Мне видится здесь присутствие Бога,
И в грустном восторге мне хочется плакать.
Мне хочется в рощах, наполненных светом,
Бродить, не ругаясь ни с кем и не споря,
Что мир этот создан великим поэтом,
И нет в нем ни капельки мрака и горя.
Лишь с этих высот – мира светлых окраин,
Где суть постигается жизни и тлена,
Я к вам возвращусь, примирен и раскаян,
Молясь о прощении нощно и денно.
И если меня вы услышите прежде,
Чем я отвлекусь на иные молитвы,
Поймете, что жил я все время в надежде
На то, что окончатся вечные битвы
Меж небом и адом, меж правдой и ложью,
Что некогда нас в этой жизни венчали,
И каждому будет по милости Божьей
Отпущено в меру любви и печали.
* * *
Если это любовь – эти редкие встречи,
нежелание знать, где сейчас ты и с кем
смотришь в небо, ведешь бесконечные речи
о любви и о вечности, – значит, я нем.
Если это любовь – ждать упорно, кто первый
позвонит и поделится мыслями вслух,
как гудят, исходя напряжением, нервы
от безжалостной ревности, – значит, я глух.
Если это любовь – затаиться в ухмылке
и смотреть, как влюбленный в обиде нелеп,
как смешон его взгляд, и смущенный и пылкий,
видеть страх и надежду в нем, – значит, я слеп.

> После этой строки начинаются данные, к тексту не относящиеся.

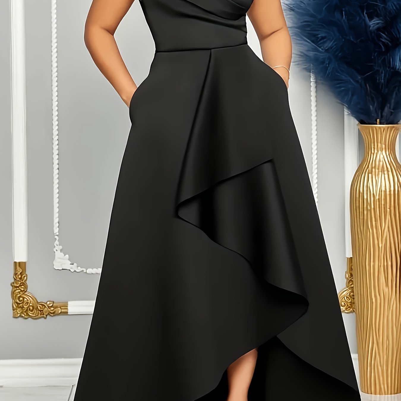 Polyester to'qimachilik matosidan tayyorlangan, ruffle detali va ozgina cho'zilishi bilan murakkab plus size V-yuqori ko'ylak. Bir rangda va barcha mavsumlar uchun mos.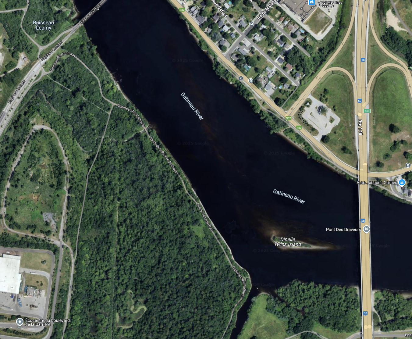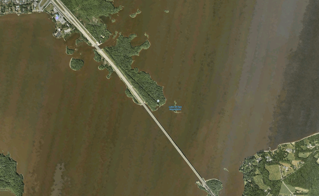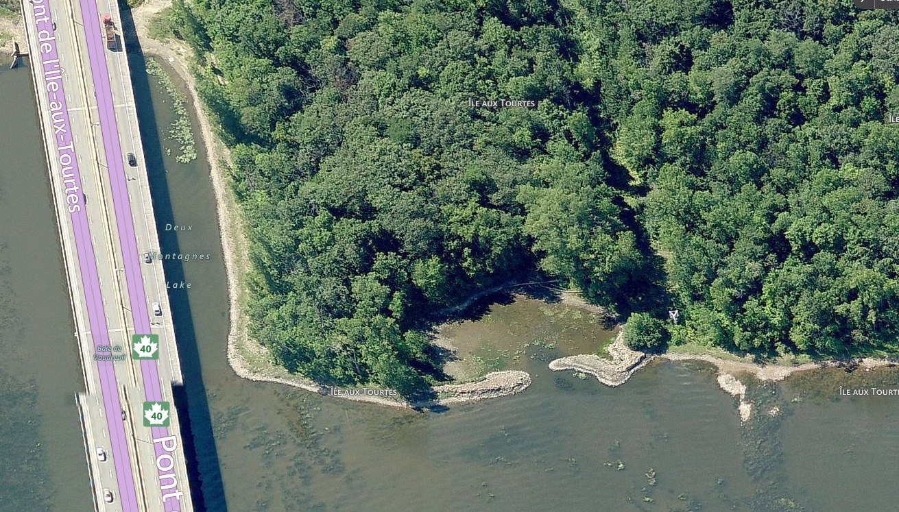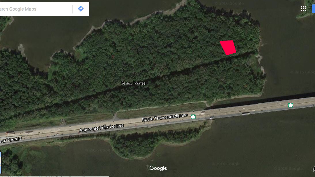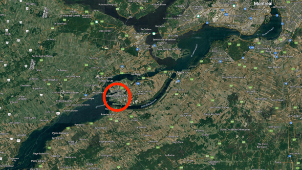 “Ile-Aux-Tourtes” at the convergence of the Ottawa River and St. Lawrence River near Montreal. (Google Maps)

Неужели и ты, как и все, вероломна,
и с тобою не сладят ни ангел, ни черт,
если смотришь мне в сердце из пропасти темной
и ни искры в глазах твоих? – Значит, я мертв.
* * *
Еще как будто и не выпит
цветущей липы дивный запах,
еще я вроде и не выбит
из колеи своей, и все ж
так мало мир меня тревожит
на всех его крутых этапах,
и каждый миг, что мною прожит,
не вызывает больше дрожь.
Дрожь не боязни – сладострастья,
когда я песню пел за песней
и задыхался – не от счастья, –
от веры в то, что есть оно,
и ты была такой запретной,
такой невинной и прелестной,
какой уже мне в жизни этой
тебя увидеть не дано.
Все те, кого мы так любили,
кто в нас влюблен был изначально,
полузабыты нами или
забыли нас, как бег минут.
И потому тебя люблю я
с такою мукой и печалью,
что Леты призрачные струи
во мне давно уже текут.
DE profundis*
Я еще не прощаюсь. Но где-то в глубинах любви
Зарождается слово и глухо, как будто сквозь стены,
Как незрелые ягоды – терпкие губы твои
Произносят неслышимо, может быть, «смерть» иль «измена».
Седина проросла из бессонниц твоих, летаргий.
Мне прощенья не выпить из этой серебряной чаши,
Куда слиты из двух совершенно различных стихий
Две судьбы, две такие похожие сущности наши.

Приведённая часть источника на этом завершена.